What the task asks: Transcribe only what runs from the line containing "이제부터는 리피토정80mg 부작용, 이상반응, 주의사항에" through the final line below, exactly, and leave every picture out.

Saved data entries:
========================================================================

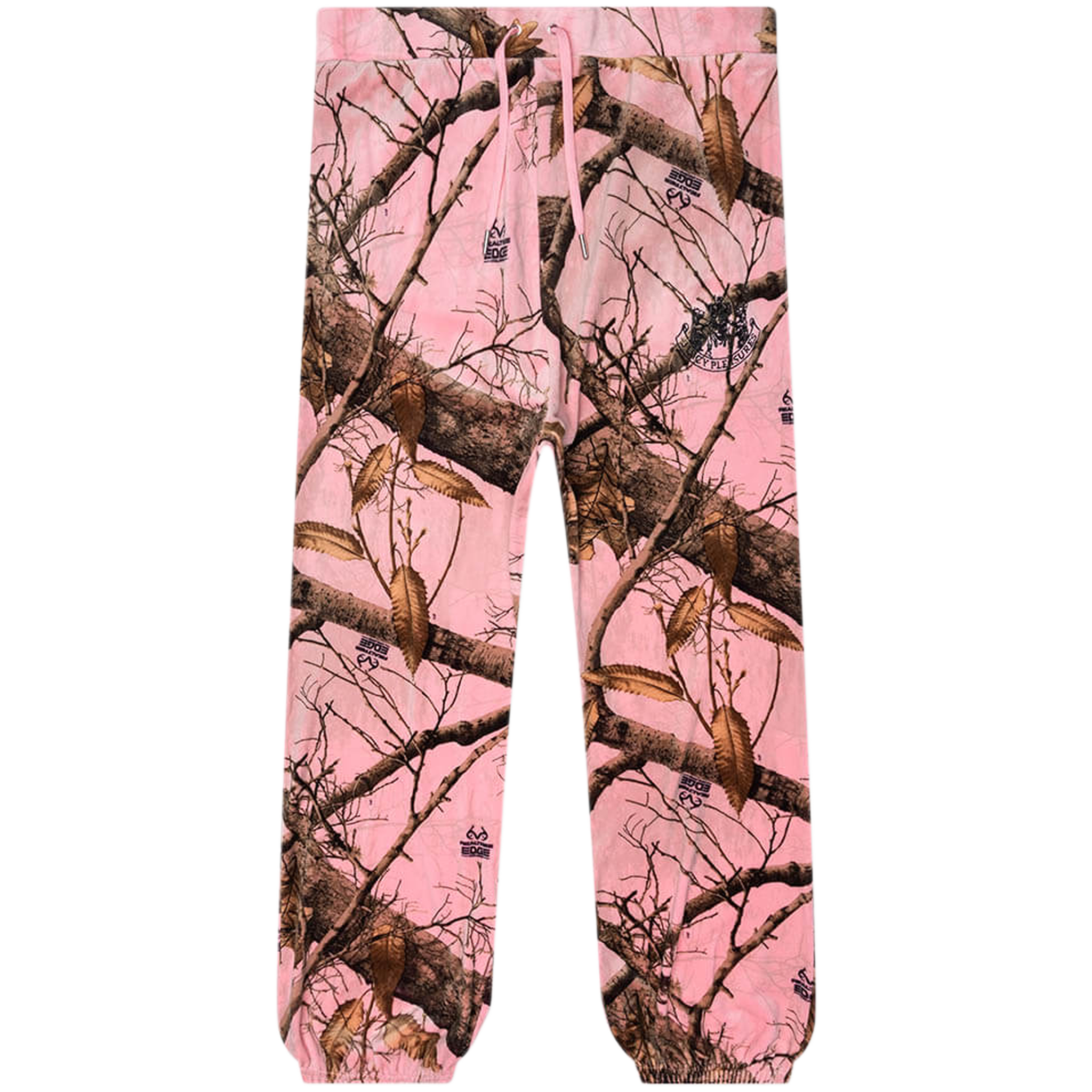 Introducing the Realtree Velour Track Pants from Pleasures x Juicy Couture. Made from a soft velour blend of polyester and elastane, it delivers plush comfort with bold attitude. Featuring an elasticated drawstring waistband, three pocket design, and elastic hems at the hems for a jogger silhouette. Finished with an embroidered dual-branded logo on the left leg.
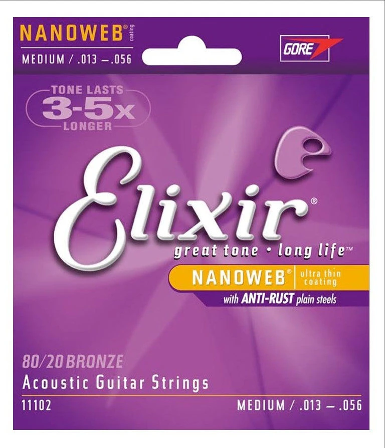 These Elixir Strings feature an ultra thin Nanoweb coating and have the bright tone and punch of non-coated strings while maintaining the feel like traditional strings. Elixir Strings are coated in a unique way to protect wound strings from your DNA and other contaminants. A flexible, strong, yet micro-thin polymer tube defends the Critical Zone of Tone from invading enemies. Nothing (including the coating) gets between the windings. The result is that strings sound and feel their best three to five times longer than ordinary strings. The same feel, bright tone and punch of non-coated strings.
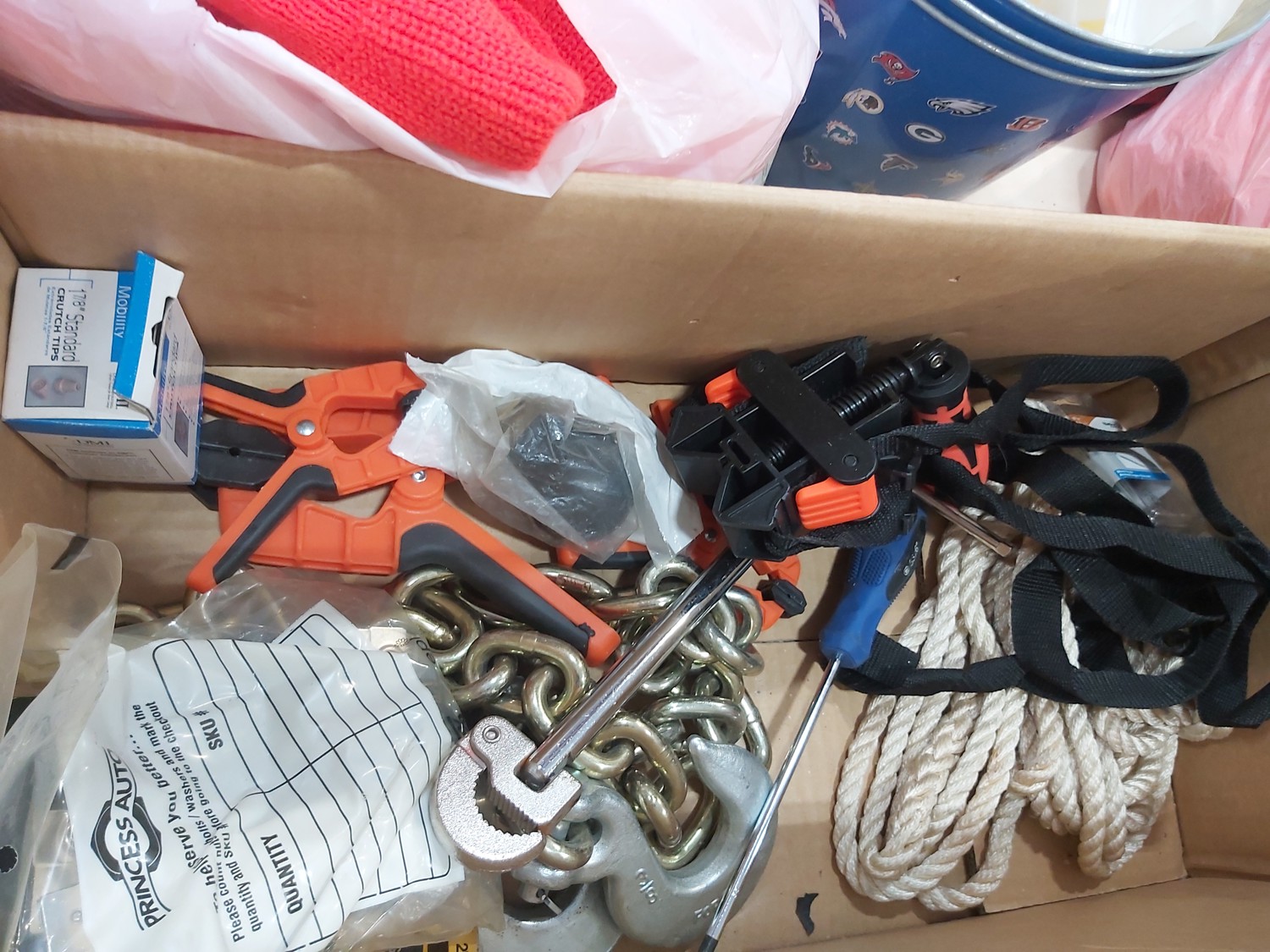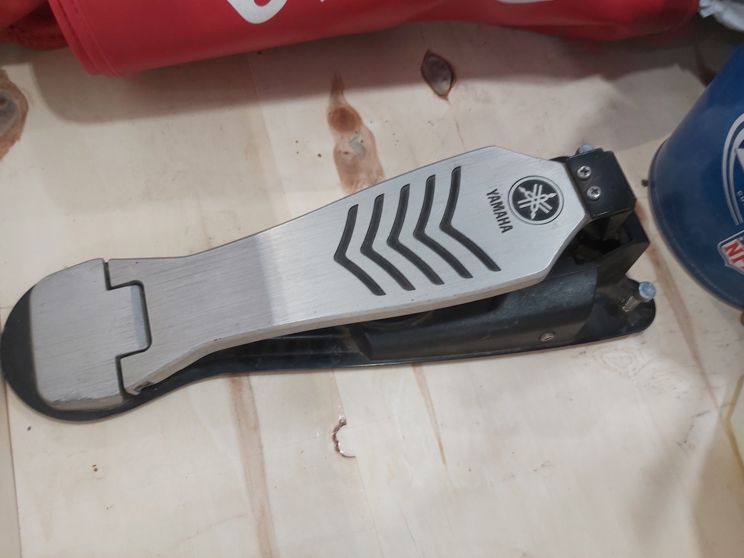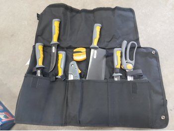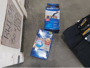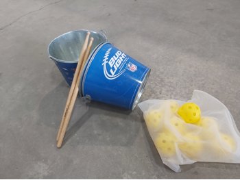(2) pole caddy organizers, Yamaha foot pedal, drumsticks, golf bag, Eastman butcher set, sck sliders, hi-vis safety wear
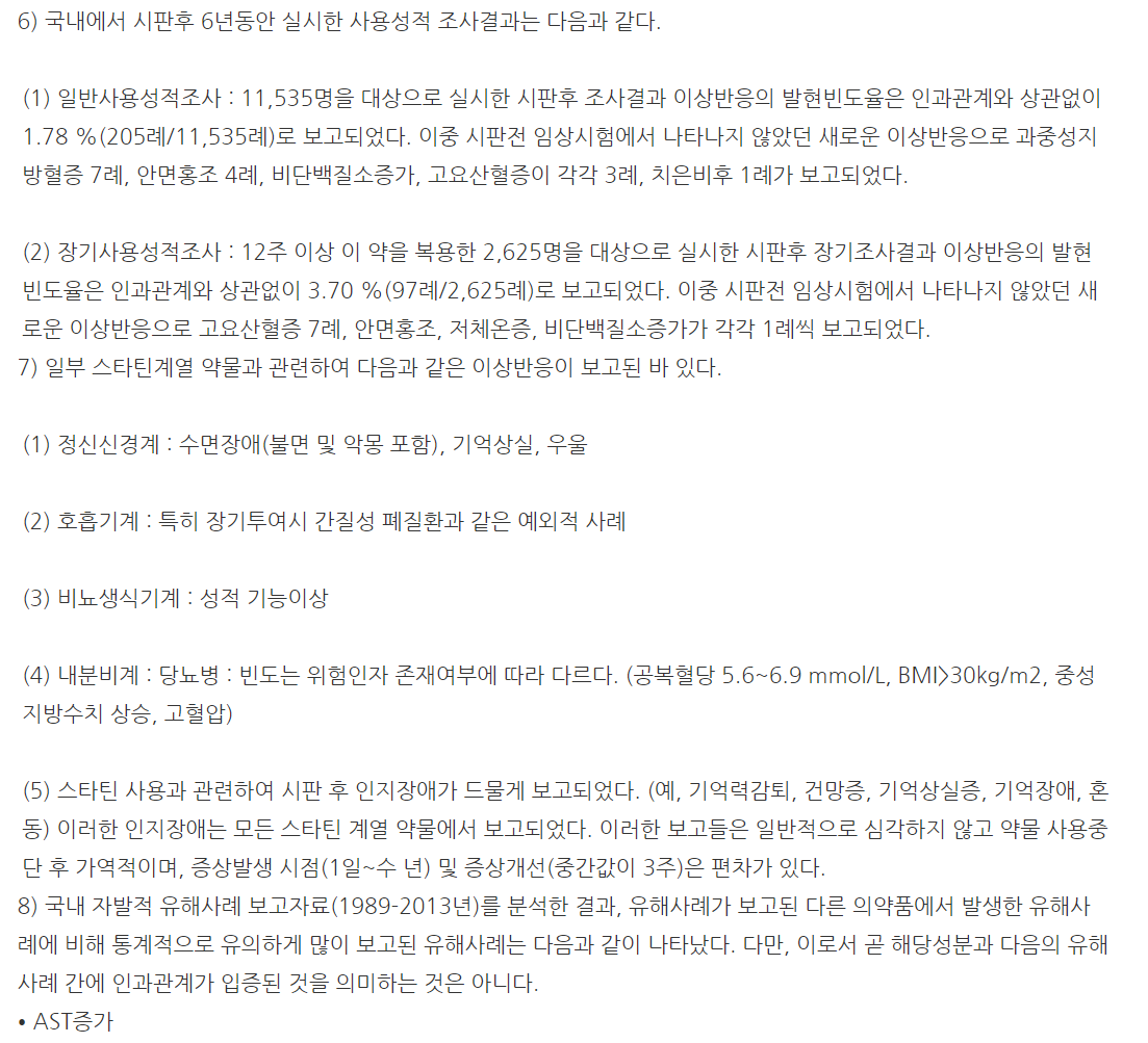 이제부터는 리피토정80mg 부작용, 이상반응, 주의사항에 대해 알아보도록 하겠습니다.
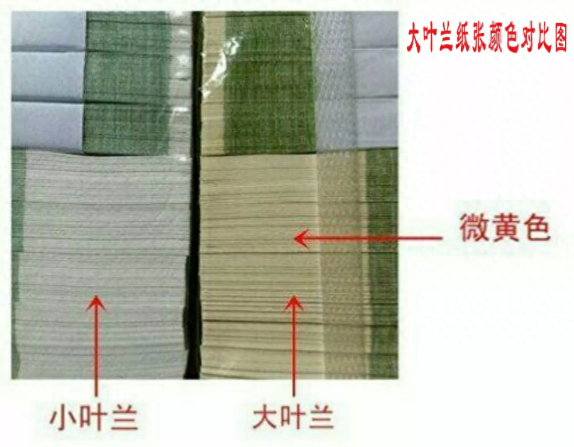 1. 大叶兰水印是凸版印刷,用手触摸水印处有会感觉到明显的凹凸感,小叶兰没有凹凸感;

========================================================================

Task result:
 이제부터는 리피토정80mg 부작용, 이상반응, 주의사항에 대해 알아보도록 하겠습니다.
 1. 大叶兰水印是凸版印刷,用手触摸水印处有会感觉到明显的凹凸感,小叶兰没有凹凸感;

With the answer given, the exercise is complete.